I edited it down a lot, lest I embarrass you with too much praise, LOL.
Thank you again -- after the freshman year fire in which I lost almost everything (the drawing you picked up for me from the framer being one of the few things that went undamaged!) I will never *not* want information on how to prevent fires.
On a related topic -- you and I should collaborate at some point on a piece of writing about being niche "influencers" (gag) who are also Cluster B kids. People who have enough of a following to require awareness and navigation of parasocial realities but also have neurological wiring that our parents fucked up around recognition of reality and gaslighting. I'll handle the touchy-feely apart, like how it feels to read one of the count-on-one-hand human males who's ever made me feel safe called a dangerous misogynist. You can write the explanatory part, LOL.
Am I going to "well ackshually" the baking soda? Yes! Consider getting a fire blanket (Prepared Hero or some china knock-off) for your kitchen. Now back to the deep thoughts from everyone else. :)
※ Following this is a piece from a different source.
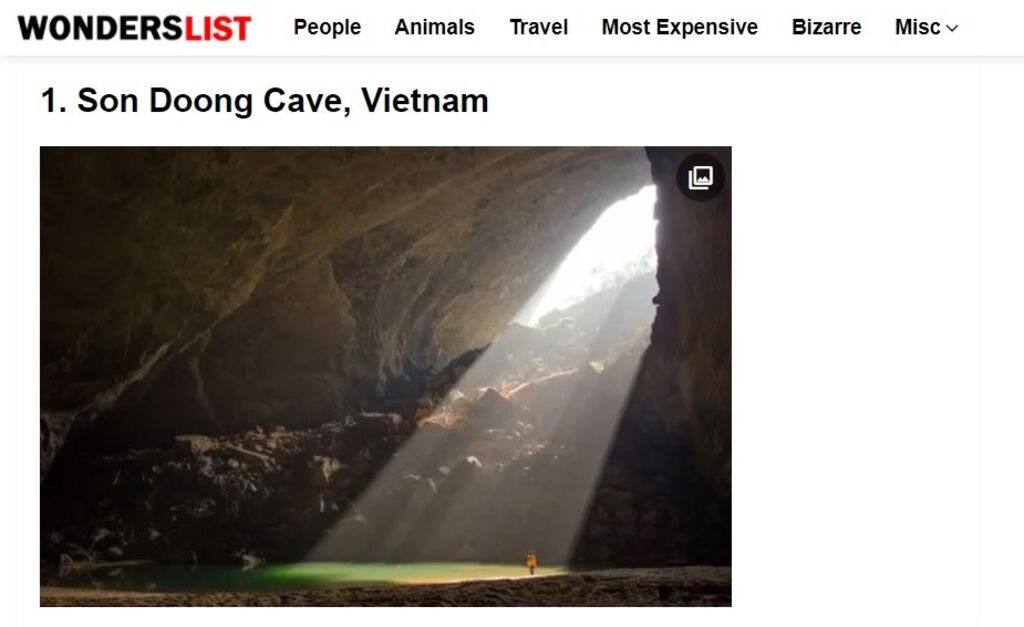 Son Doong, a noté le site web américain Wonderslist, est la plus grande grotte du monde. Elle s'est formée sur une faille de la chaîne de montagnes Truong Son et a été érodée par les eaux souterraines pendant des millions d'années, ce qui a créé un tunnel géant.

George Orwell said that, even when you're a totalitarian 2 + 2 has to equal 4 if you want your guns to fire, even if you claim it equals 5 in other contexts.
That said I think there's something a little more complex going on, which I've explored in my own writing. Not that you're wrong, but it goes deeper. Pure science might be uncontaminated, but researchers need funding and that allows woke in, because money talks.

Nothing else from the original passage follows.